Cassandra slapped him again, and again he screamed. Now, I've been slapped by lots of women over the years: it stings, but I've never screamed. And surely an artificial body was made of sterner stuff than me.

Cassandra went for a third slap. Pickover's screams echoed in the dead hulk of the ship.

“Tell me,” she said.

I couldn't see his face; her body was obscuring it. Maybe he shook his head. Maybe he just glared defiantly. But he said nothing.

She shrugged again; they'd obviously been down this road before. She moved to one side of the bed and stood by his right arm, which was pinned to his body by the nylon strap. “You really don't want me to do this,” she said. “And I don't have to, if…” She let the uncompleted offer hang there for a few seconds, then: “Ah, well.” She reached down with her beige, realistic-looking hand, and wrapped three of her fingers around his right index finger. And then she started bending it backward.

I could see Pickover's face now. Pulleys along his jawline were working; he was struggling to keep his mouth shut. His glass eyes were rolling up, back into his head, and his left leg was shaking in spasms. It was a bizarre display, and I alternated moment by moment between feeling sympathy for the being lying there, and feeling cool detachment because of the clearly artificial nature of the body.

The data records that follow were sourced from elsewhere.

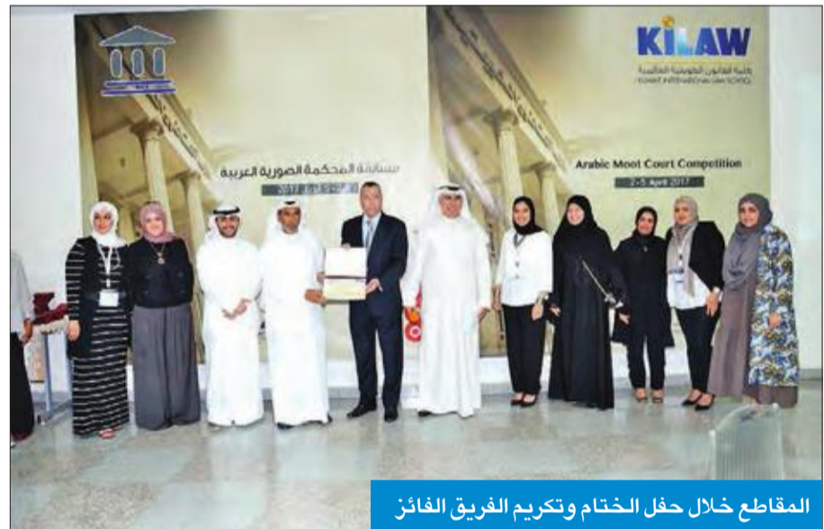
المقاطع خلال حفل الختام وتكريم الفريق الفائز

المقاطع: المشاركة الدولية والإقليمية خيار استراتيجي لإدارة الكلية
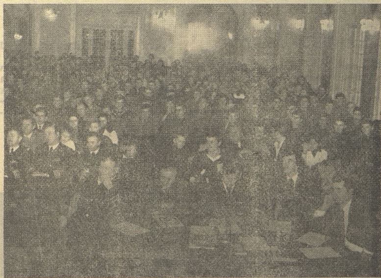
Vojaki in mornarji so se množično udeležili kviza Armada zmage — Armada svobode

Konferenca mladih delavcev OZD Steklarna Hrastnik
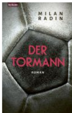
Der Tormann - Nominiert zum Fußballbuch des Jahres 2022 Ladenpreis: 21,00EUR
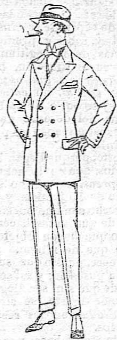
Trajes de lanilla, melton, estambre, vicuña, jerga, etc. De ptas 40 a 150

Cassandra let go of Pickover's index finger, and, for a second, I thought she was showing some mercy.

But then she grabbed it as well as the adjacent finger, and began bending them both back. This time, despite his best efforts, guttural, robotic sounds did escape from Pickover.

“Talk!” Cassandra said. “Talk!”

I'd recently learned — from Cassandra herself — that artificial bodies had to have pain sensors; otherwise, a robotic hand might end up resting on a heating element, or too much pressure might be put on a joint.

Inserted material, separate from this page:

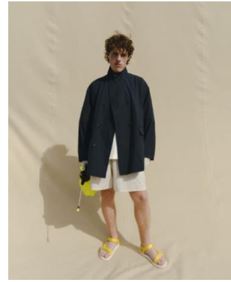
JACKET ¥16,990 TEE ¥4,999 SHORTS ¥6,999
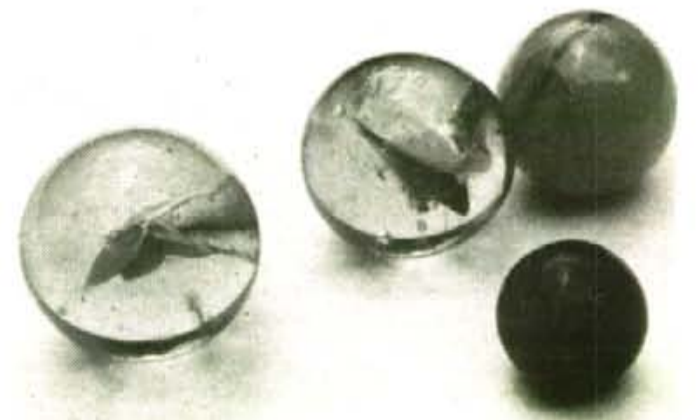
Ses vidrieres més grosses: bòtils, boriombos i coyotes.

But I hadn't expected such sensors to be so sensitive, and—

And then it hit me, just as another of Pickover's warbling screams was torn from him. Cassandra knew all about artificial bodies; she sold them, after all. If she wanted to adjust the mind-body interface of one so that pain would register particularly acutely, doubtless she could. I'd seen a lot of evil things in my time, but this was perhaps the worst. Scan a mind, put it in a body wired for hypersensitivity to pain, and torture it until it gave up its secrets. Then, of course, you just wipe the mind, and—

“You will crack eventually, you know,” she said, almost conversationally, as she looked at Pickover's fleshless face. “Given that it's inevitable, you might as well just tell me what I want to know.”

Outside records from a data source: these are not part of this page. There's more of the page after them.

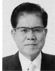
元厚生労働副大臣 党中央幹事 前衆議院議員 ますや 敬悟
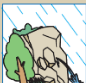
湧き水の量が増えてきた。
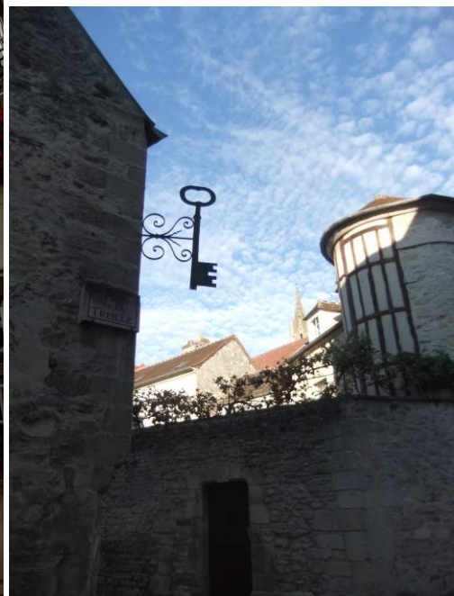
Ancien et nouvel emplacements

The elastic bands that served as some of Pickover's facial muscles contracted, his teeth parted, and his head moved forward slightly but rapidly. I thought for half a second that he was incongruously blowing her a kiss, but then I realized what he was really trying to do: spit at her. Of course, his dry mouth and plastic throat were incapable of generating moisture, but his mind — a human mind, a mind accustomed to a biological body — had summoned and focused all its hate into that most primal of gestures.